Python re
does not support "leading/starting word boundary" \<
construct (in other regex flavors, also \m
or [[:<:]]
), nor the "closing/trailing word boundary", \>
(in other regex flavors, also \M
or [[:>:]]
).
Note that leading and trailing word boundaries are not supported by most NFA, often referred to as "modern", regex engines. The usual way is to use \b
, as you have already noticed, because it is more convenient.

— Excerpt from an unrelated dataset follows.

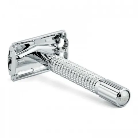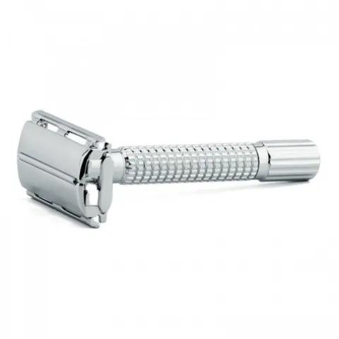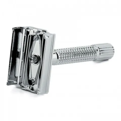 Maszynka do golenia „motylkowa”. Łatwy i szybki sposób wymiany żyletek. Bardzo łagodna. Zamknięty grzebień. Maszynka wykonana ze stali nierdzewnej, chromowana.
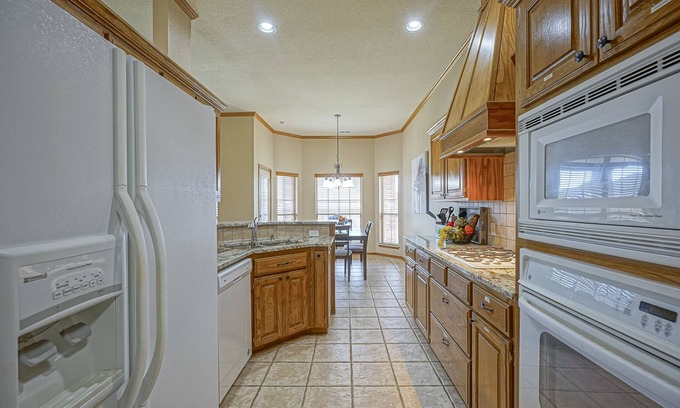 Newly Furnished Large 1800sf Home in a Wonderful Neighborhood in the Heart of SW OKC. Fully-Equipped Kitchen, Large Dining Area with Breakfast Bar for additional seating, Wood floors throughout, Huge Office with Desk & Chair & Console, Comfy Pillow-Top Mattresses, Amazing Master Suite, Walk-in Closets in all Bedrooms, Large Patio Dining Set on Covered Patio w/Gas Grill for Outdoor Entertaining, (2) Ultra HD Smart TV's w/Cable & Netflix Capability, Free Cox High Speed Internet, 2-Car Garage w/2-Car Driveway available, Ceiling Fans throughout, Washer and Dryer.

However, this convenience comes with a price: \b
is a context-depending pattern. This problem has been covered very broadly on SO, here is my answer covering some aspects of \b
, see Word boundary with words starting or ending with special characters gives unexpected results.
So, if you plan to use \<
or \>
, you need to implement them manually like this:
\<
= a position at a word boundary where the char to the right is a word char, i.e. \b(?=\w)
.
\>
= a position at a word boundary where the char to the left is a word char, i.e. \b(?<=\w)
.
This is how these word boundary variants are handled in the PCRE library:
COMPATIBILITY FEATURE FOR WORD BOUNDARIES
In the POSIX.2 compliant library that was included in 4.4BSD Unix, the
ugly syntax [[:<:]]
and [[:>:]]
is used for matching "start of word"
and "end of word". PCRE treats these items as follows:
[[:<:]]
is converted to \b(?=\w)
[[:>:]]
is converted to \b(?<=\w)